They walk all night and most of the day that follows, keeping to the woods, away from highways and roads, putting as much distance between themselves and the abandoned car as they can. Just in case someone comes looking.
Beth tries not think about the uniforms.
In the afternoon, they're crossing a shallow creek when Daryl stops in his tracks, cranes his neck, and stares up at the sky. He shades his eyes, turning in a circle, taking in the dome of hazy blue above the treetops.
"S'gonna rain," he says, nodding at her, splashing his way onto the far bank.

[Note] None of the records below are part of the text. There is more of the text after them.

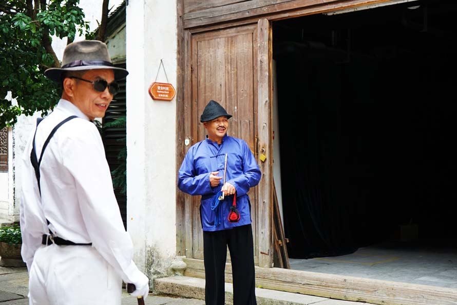 一进鲁镇大门就是粉墙黛瓦、小桥流水,沿河的民居、商铺错落有致,走在石板路上,看到衣着清代服饰的巡街兵丁,还有旧时人们的装扮,祥林嫂、假洋鬼子、鲁四老爷……鲁迅笔下的人物,一个个出现在街上,你仿佛到了另一个朝代。那些扮演古人的男女表情自然,好像穿越而来,间或各自打个招呼,还有看着好像是街痞的人,叼着旱烟,不怀好意地看着你……当然这是在展现遥远的生活场景。
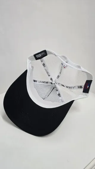 Gorra de la marca New Era en color negro. Cuenta con paneles traseros de malla para mayor ventilación. - Diseño con logo bordado en blanco en la parte frontal. - Cierre ajustable en la parte trasera.
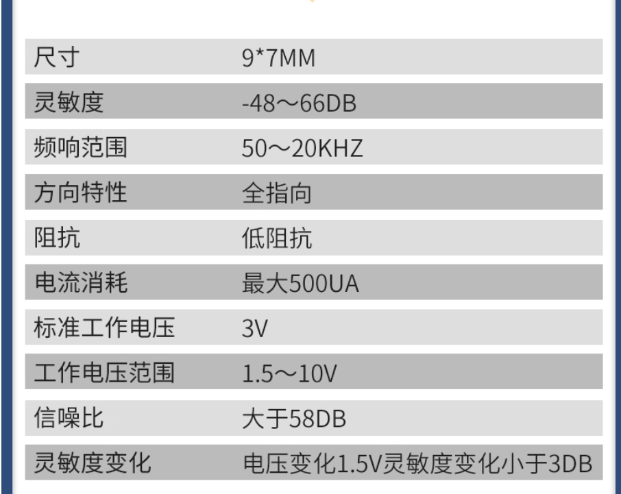 我手上有兩種咪頭, 一個大點, 一個小點, 大點的是6050P規格, 規格如下圖..
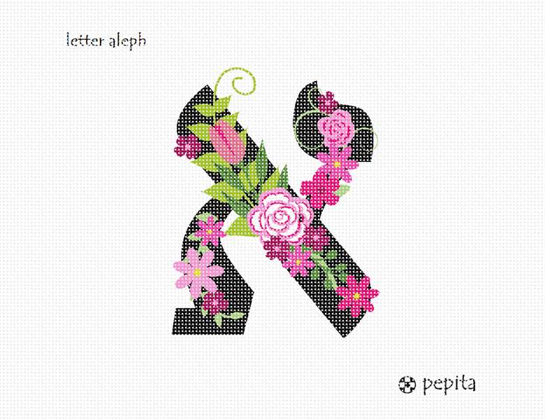 Letter Aleph in Hebrew. Decorative Floral monogram in all Hebrew letters available.
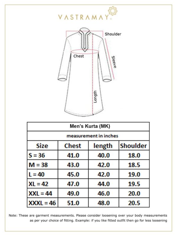 - All our kurtas have five inches loosening over the body measurement. So if your chest round measurement is 38 inches then you should go for a 38 (Medium) size Kurta which will have a garment ready chest measurement of 43 inches. We offer six sizes – Small = 36 (Chest – 41), Medium = 38 (Chest – 43), Large = 40 (Chest – 45), X- Large = 42 (Chest – 47), XX – Large = 44 (Chest – 49) and XXX – Large = 46 (Chest – 51).

As sunset approaches, Daryl finds a little holler full of pines and young birch saplings. He gestures vaguely at the ground at her feet before stalking off, hunting knife in hand. Beth blinks at his retreating back; he wants her to get the fire started. While she gathers kindling and scoops out a patch of dirt to shelter the fire, she can hear Daryl hacking at narrow green sapling trunks with his knife. When he returns, the fire is snapping away at the dry twigs, and thunder rolls in the distance. He's hauling an armload of saplings, and he drops them to the ground beside her.
Sitting back on her heels, Beth heats a can of beans over the fire and observes him. Daryl lashes the saplings together between two tree trunks with long, thin strips of juicy bark, creating a rickety lean-to shelter. An armful of brush and leaves shores up most of the gaps.
"Ain't exactly waterproof but it's better than nothin'," he mutters, crouching to sweep the space under the lean-to of twigs and stones.
Finished, Daryl stands and glances around their campsite, his hands hanging momentarily idle at his sides. His gaze falls on her for a moment, dark and serious, and then he looks away.
Oh.
They haven't talked about it, any of it. Not the car or the kidnappers or what Beth did. Not the dog or the grape jelly or the heavy look in Daryl's eyes when the candlelight flickered and her breath caught in her throat.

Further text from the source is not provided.